= Supplied material =
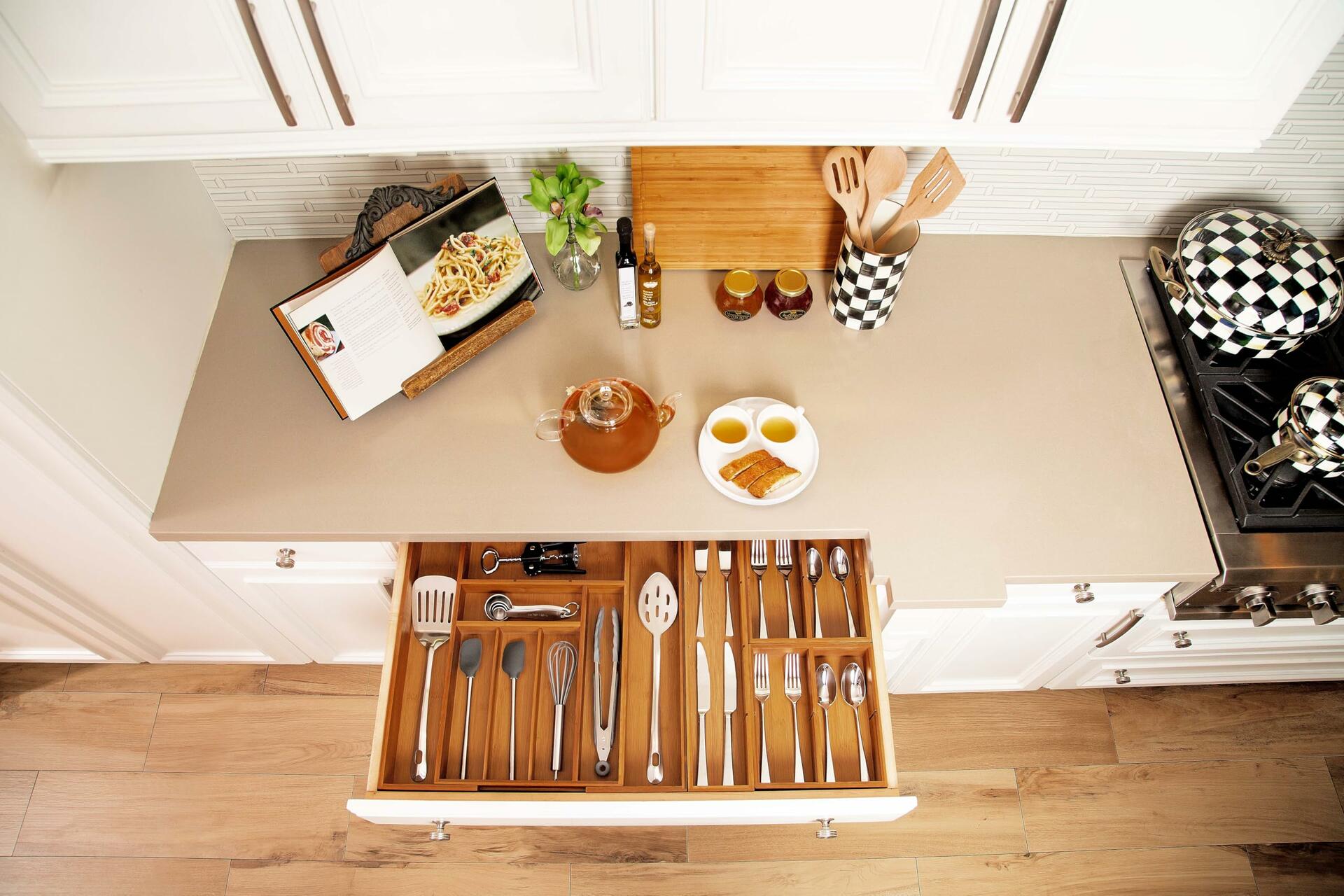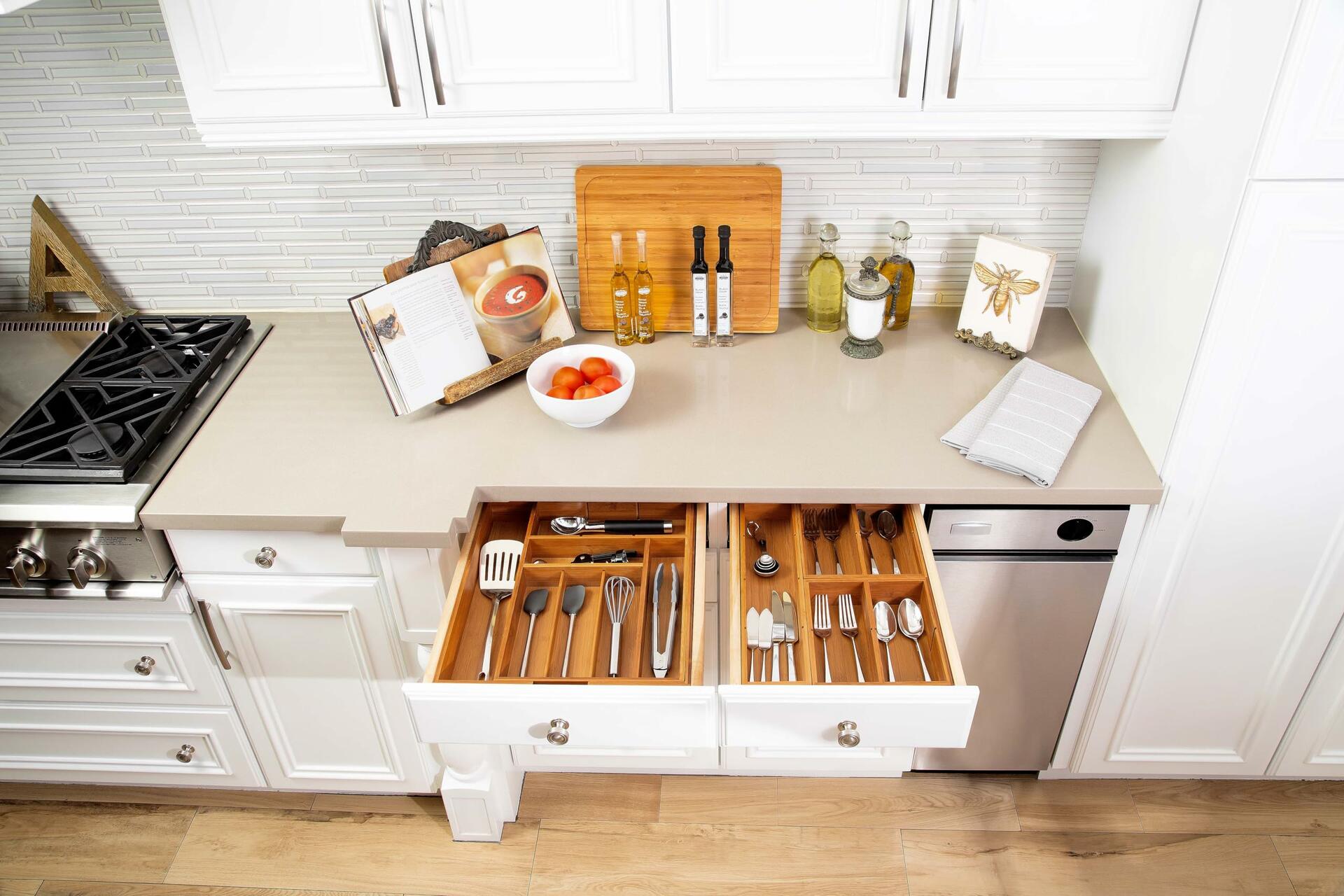 - REMOVABLE DIVIDERS - 9 removable bamboo dividers allow for customizable storage.
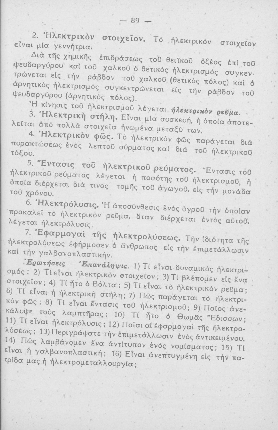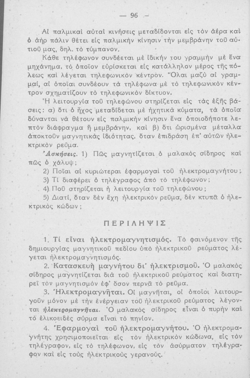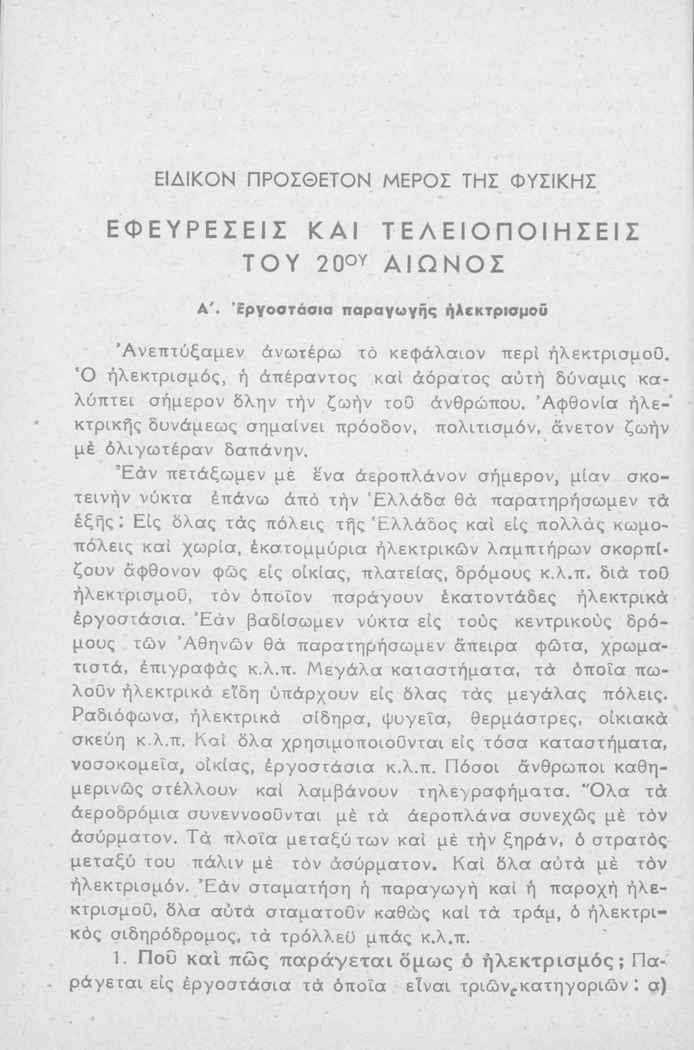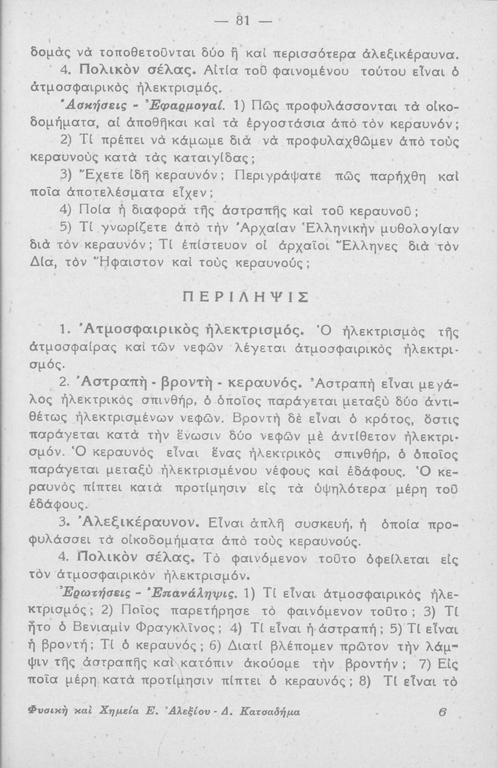 Βαθμίδα εκπαίδευσης: Πρωτοβάθμια Τάξη: ΣΤ' Δημοτικού Μάθημα: Φυσική Γλώσσα: Απλή καθαρεύουσα Παρουσίαση περιεχομένου: Μαθητικό βοήθημα της ΣΤ΄ Δημοτικού για το μάθημα της Φυσικής στο Δημοτικό . Παρέχει βασικές γνώσεις της φυσικής επιστήμης και της χημείας. Αναλύει τις ιδιότητες των σωμάτων, καθώς και του ήχου, του ηλεκτρισμού και του φωτός. Σχετικά με τη χημεία αναφέρεται στα μέταλλα, στα οξέα, τις βάσεις, τα άλατα. Αναφέρεται στην πρακτική εφαρμογή της φυσικής και της χημείας στην καθημερινότητά. Επίσης, περιλαμβάνει πολλά από τα όργανα, που χρησιμοποιούνται στη φυσική, και τη χημεία. Περιέχει εικόνες και σχεδιαγράμματα τα οποία βοηθούν τη διδασκαλία. |
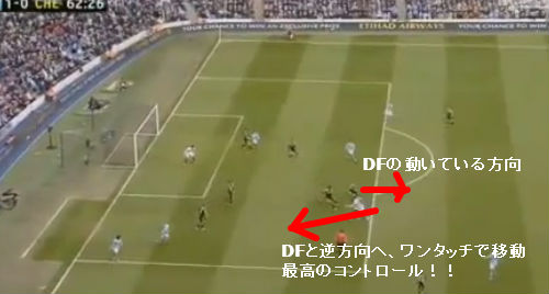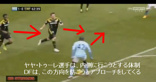 当然DFは詰めてくる。ここでボールを受けたら、君ならどうする? 僕なら内側( ゴール正面側 )にコントロールしてシュートっていうイメージ。だけど ヤヤ・トゥーレ選手は違ったよ!
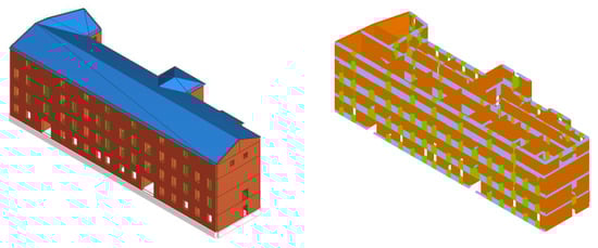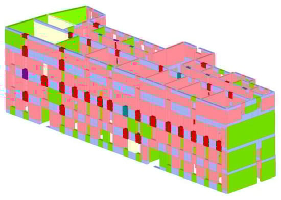 The 3D numerical model of the assessed building is obtained in 3Muri software. The macro-element approach is adopted due to computational efficiency and high precision [35]. Its versatility in modeling (implementing elements of various materials, realistic floor stiffnesses, strengthening and many more) makes it highly valuable in a region where a vast majority of building stock is made of masonry. Similar case studies in 3Muri software were used as a base for our research [36,37,38].
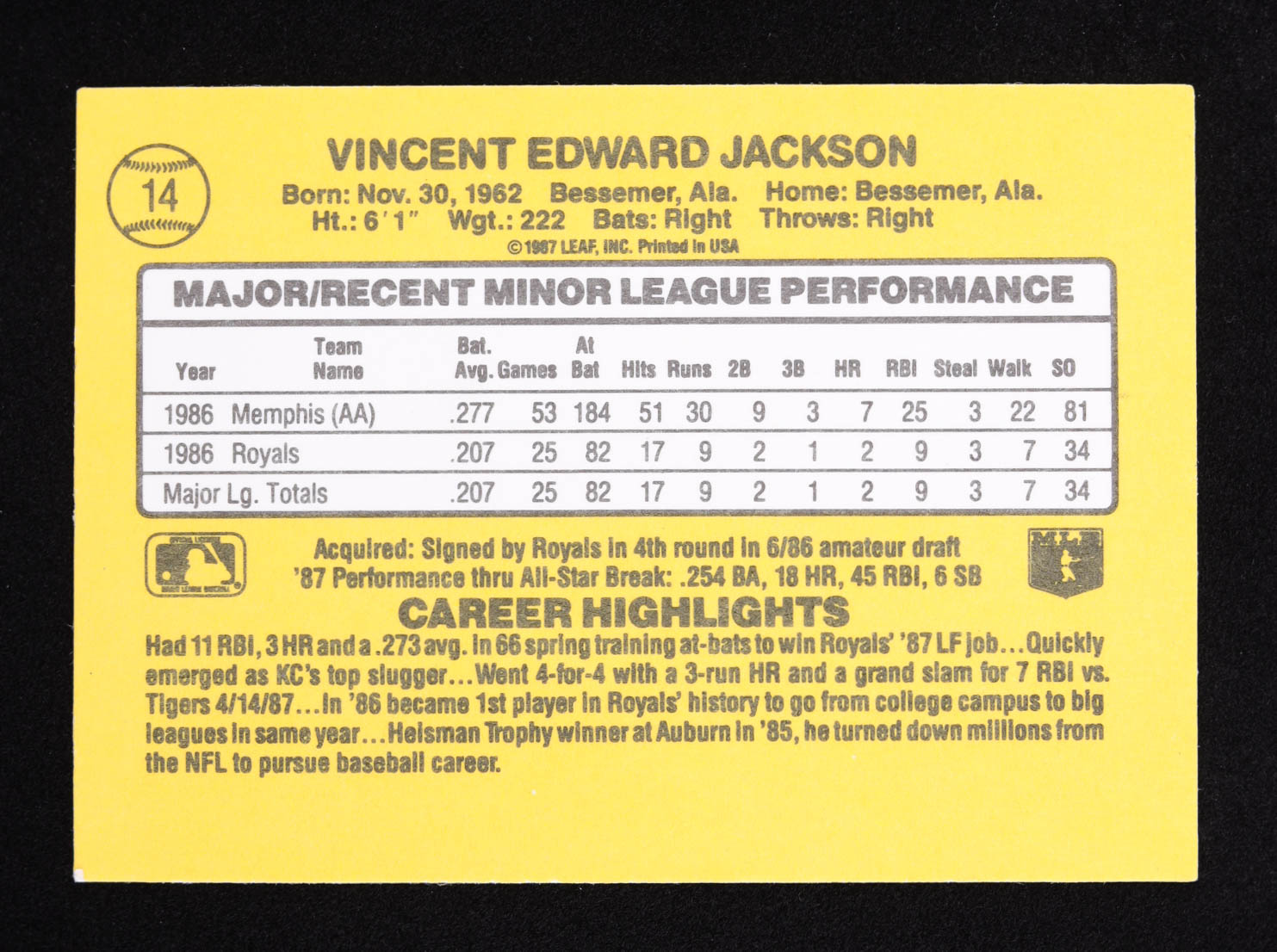 Bo Jackson 1987 Donruss Rookies #14 RC
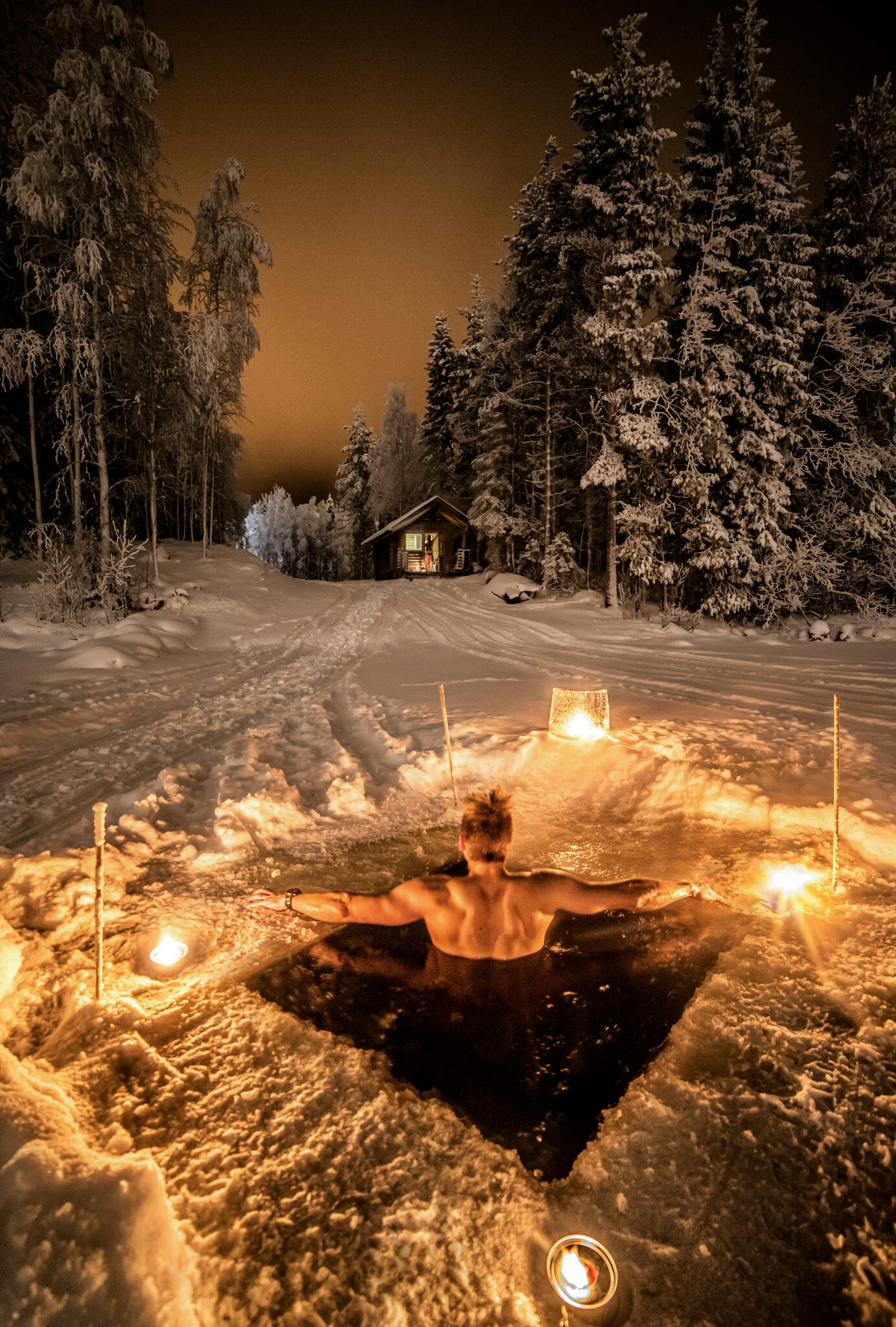 Enjoy the steam of a traditional Finnish wood-heated log sauna and take a couple of ice baths in a hole cut into the frozen lake right next to the sauna. Sauna is famous from social media :D

= How to complete this task =
Repeat, line for line and exactly, the material from its first line through the line that contains "Βαθμίδα εκπαίδευσης: Πρωτοβάθμια", both ends included; no pictures belong in the copy.

= Task response =
 - REMOVABLE DIVIDERS - 9 removable bamboo dividers allow for customizable storage.
 Βαθμίδα εκπαίδευσης: Πρωτοβάθμια Τάξη: ΣΤ' Δημοτικού Μάθημα: Φυσική Γλώσσα: Απλή καθαρεύουσα Παρουσίαση περιεχομένου: Μαθητικό βοήθημα της ΣΤ΄ Δημοτικού για το μάθημα της Φυσικής στο Δημοτικό . Παρέχει βασικές γνώσεις της φυσικής επιστήμης και της χημείας. Αναλύει τις ιδιότητες των σωμάτων, καθώς και του ήχου, του ηλεκτρισμού και του φωτός. Σχετικά με τη χημεία αναφέρεται στα μέταλλα, στα οξέα, τις βάσεις, τα άλατα. Αναφέρεται στην πρακτική εφαρμογή της φυσικής και της χημείας στην καθημερινότητά. Επίσης, περιλαμβάνει πολλά από τα όργανα, που χρησιμοποιούνται στη φυσική, και τη χημεία. Περιέχει εικόνες και σχεδιαγράμματα τα οποία βοηθούν τη διδασκαλία. |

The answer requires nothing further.